Prior to the RFS, similar government incentives (loans, grants, feedstock incentives, and excise tax credits) were used to spur cellulosic technology development in the 1970s and in the 2000s (National Academy of Sciences, National Academy of Engineering, and the National Research Council (NAS-NAE-NRC), 2009). Except for short run, oil supply interruptions and high oil prices, research and development in cellulosic biofuel technologies were limited until the EISA was passed in 2007. As a result, substantial progress has been made in research, development, and commercialization.
The benefits discussed in the EISA 2007 of the RFS include energy security gained from having a domestic source of renewable liquid transportation fuel, an associated reduction in greenhouse gas (GHG) emissions, and enhanced rural incomes, employment, and economic development. Typically, the critique of the RFS centers on a few key issues: (1) the need of energy security in an era of gas and oil fracking and declining domestic liquid fuel consumption, (2) what biofuel costs relative to greenhouse gas (GHG) emissions reduction, and (3) unlike the CAAA, technology forcing biofuel policies will not bring growth and prosperity because biofuel will substitute for domestic fossil fuel activities.
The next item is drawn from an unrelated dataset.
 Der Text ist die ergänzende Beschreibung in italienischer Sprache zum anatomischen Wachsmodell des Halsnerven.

In the short run, biofuel expansion may compete with domestic fossil fuels in the market and even lead to contraction in some of the fossil fuel sectors. At the same time as a society, we live and participate in a global energy market where oil prices are largely determined by global oil supply and demand.
What are the economic benefits associated with the RFS mandate? This is truly one of those questions with an “it depends” answer. Benefits depend on which crude oil price (i.e., current or longer run) is used because gasoline, diesel, and biofuel are a function of oil prices. The benefits of the biofuel substitute increase and decrease with petroleum prices. If long run oil price is sustained at $150/bbl as forecast by the U.S. Energy Information Agency (EIA) (2014) for 2035, many cellulosic and advanced biofuels will become competitive with gasoline and diesel as long as blending constraints are not imposed (Miranowski and Rosburg, 2013; Rosburg and Miranowski, 2011; and National Resource Council (NRC), 2011). Alternatively, if current oil price is sustained in the long run, then biofuel becomes more costly to blend. Furthermore, the multi-objective nature of the legislation creates an important attribution problem in measuring and comparing “efficiency” versus “distribution” benefits.
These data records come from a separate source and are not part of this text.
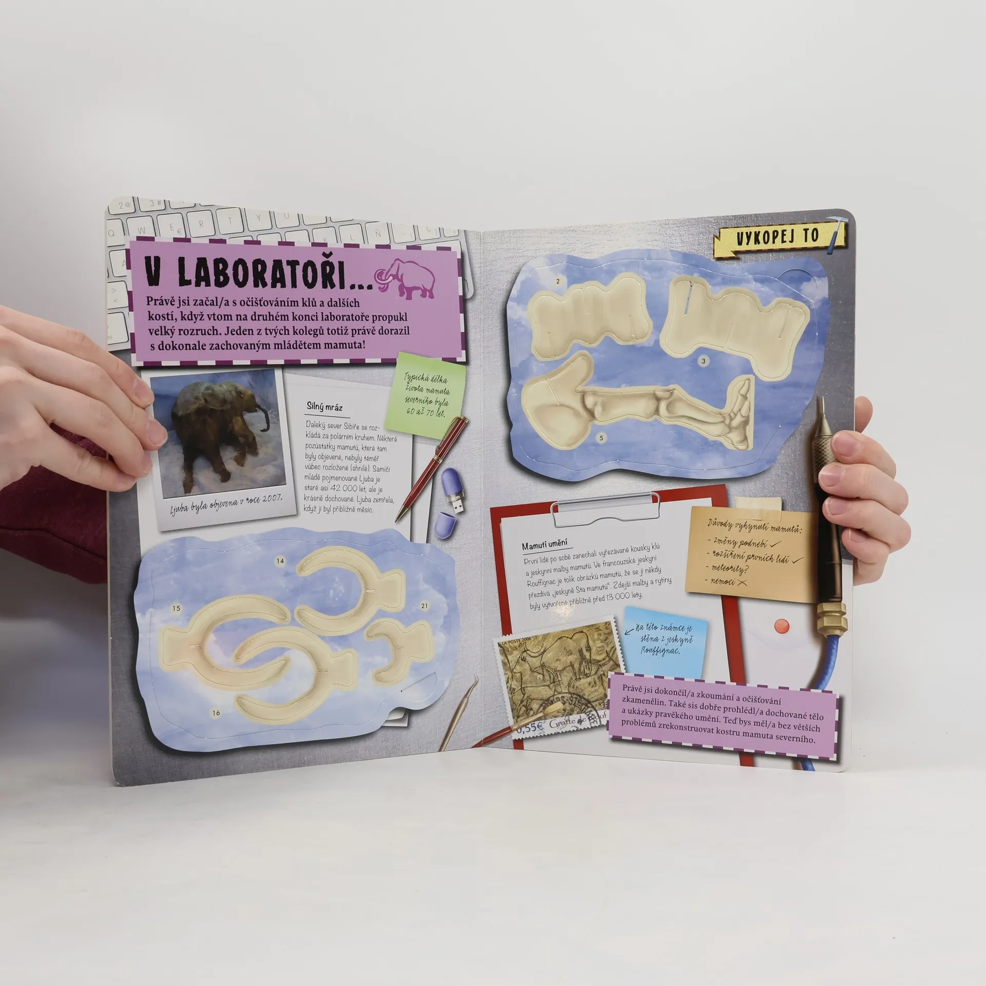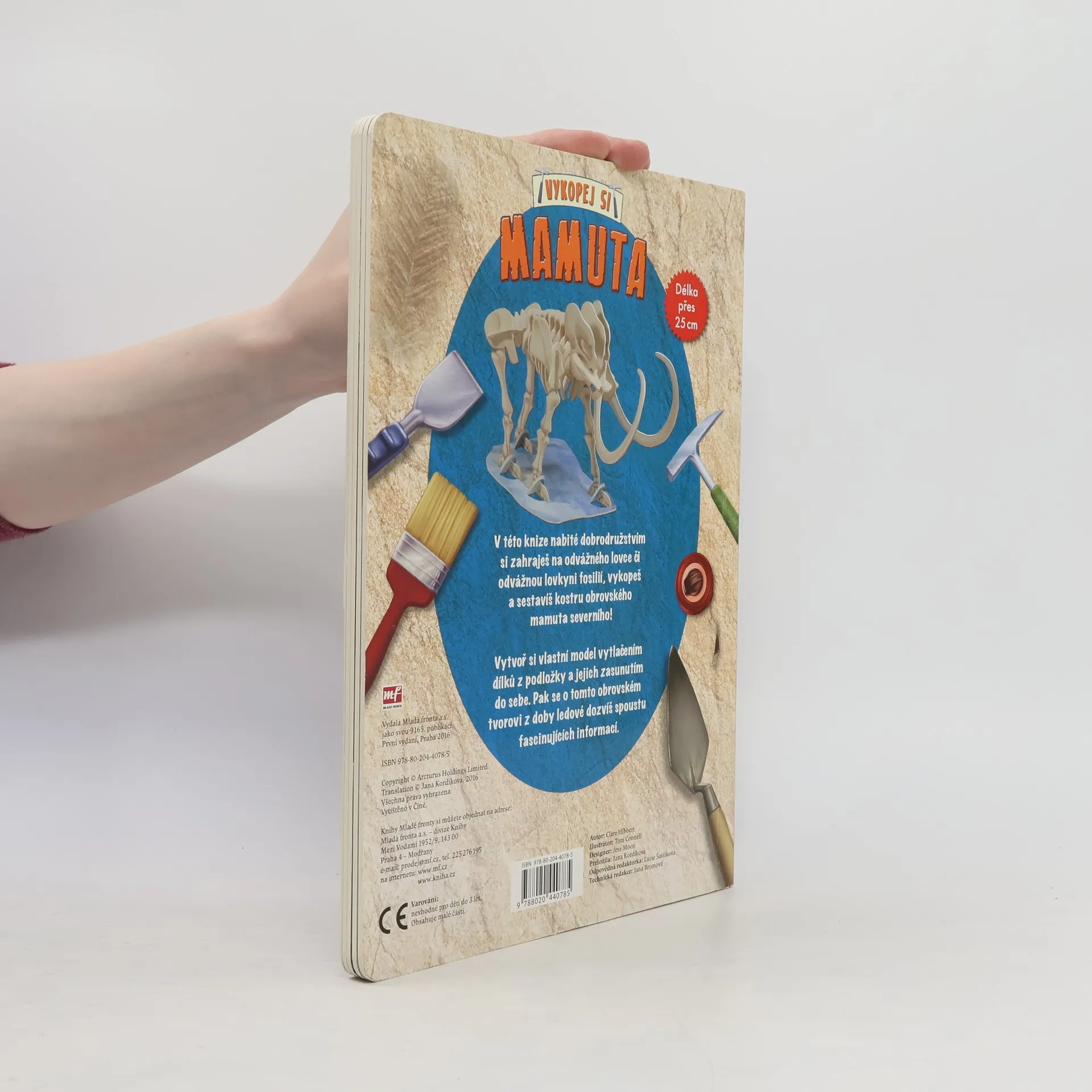 V této výjimečné knize poznáte, jak vypadá práce paleontologa v terénu i v laboratoři, projdete s ním celé dobrodružství od objevení prvních fosilních nálezů až po vystavení exponátů v muzeu. Ale čeká vás ještě mnohem víc. Vlastními silami si sestavíte kostru mamuta severního. Nikdy to nebylo jednodušší! Jednotlivé dílky lze vytlačit z podložky a lehce zasunout do sebe – vznikne model kostry delší než 25 cm. A pod ním se skrývá ještě spousta dalších informací…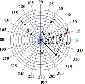 分析 (1)根据坐标中的第一个数值表示到O点距离,第二个数表示这点与正东方向的夹角,利用此方法写出点N、王家庄和点P的坐标;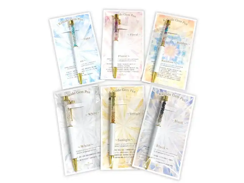 ハワイ発の天然石アクセサリーブランド「Malulani Hawaii(マルラニハワイ)」表参道店では、天然石をガラスに閉じ込めたオリジナルボールペン「Kaleido Gem Pen」を発売開始いたしました。 黒インク仕様で、全6種類のデザインをご用意しています。 |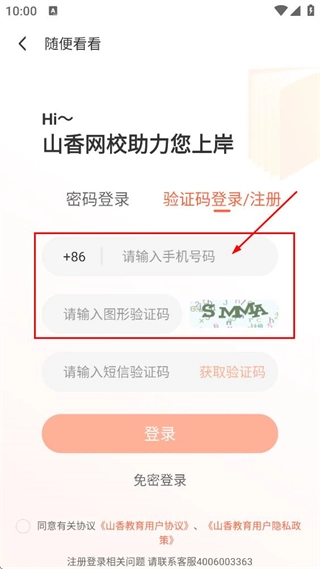 3、在验证码登录/注册界面,填写“请输入手机号码”对应的号码,以及对应的图形验证码。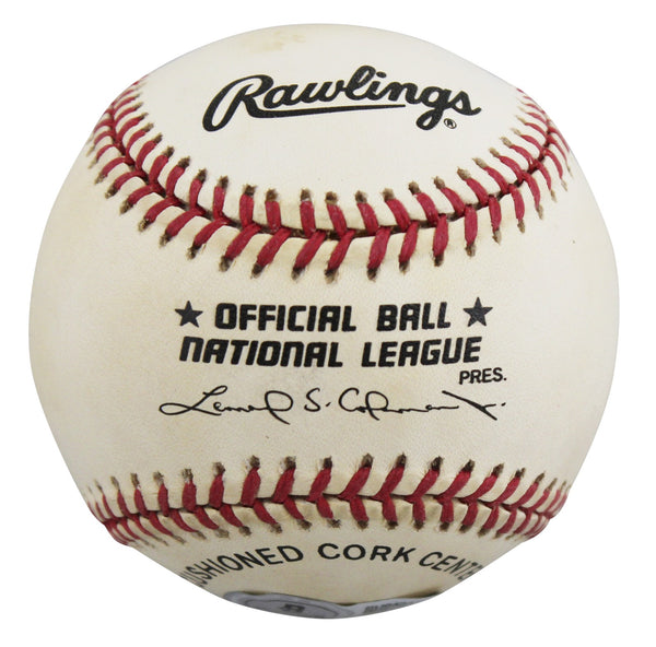 This Autographed Rawlings Official National League Baseball Leonard S. Coleman Jr. Baseball has been Personally Signed by Keith Hernandez of the St. Louis Cardinals. This item is 100% Authentic to include a hologram by Beckett Authentication Services. This item will come with an affixed Beckett Authentication Services (BAS) authentication sticker, which includes a scannable QR code to verify authenticity. Please note that Beckett no longer provides serial-numbered COA cards, and the attached BAS sticker will serve as the complete authentication for this item. The authenticity can be verified on Beckett Authentication Services website.

The benefits of domestic energy security are difficult to measure. Energy security is a long run issue. Even if we have positive short run supply shocks (e.g., fracking gas and oil) and short run decreases in domestic consumption, global energy markets will drive energy prices and price volatility. The less dependent we are on global petroleum markets the better able the United States will be to deal with global oil shocks and potential supply interruptions.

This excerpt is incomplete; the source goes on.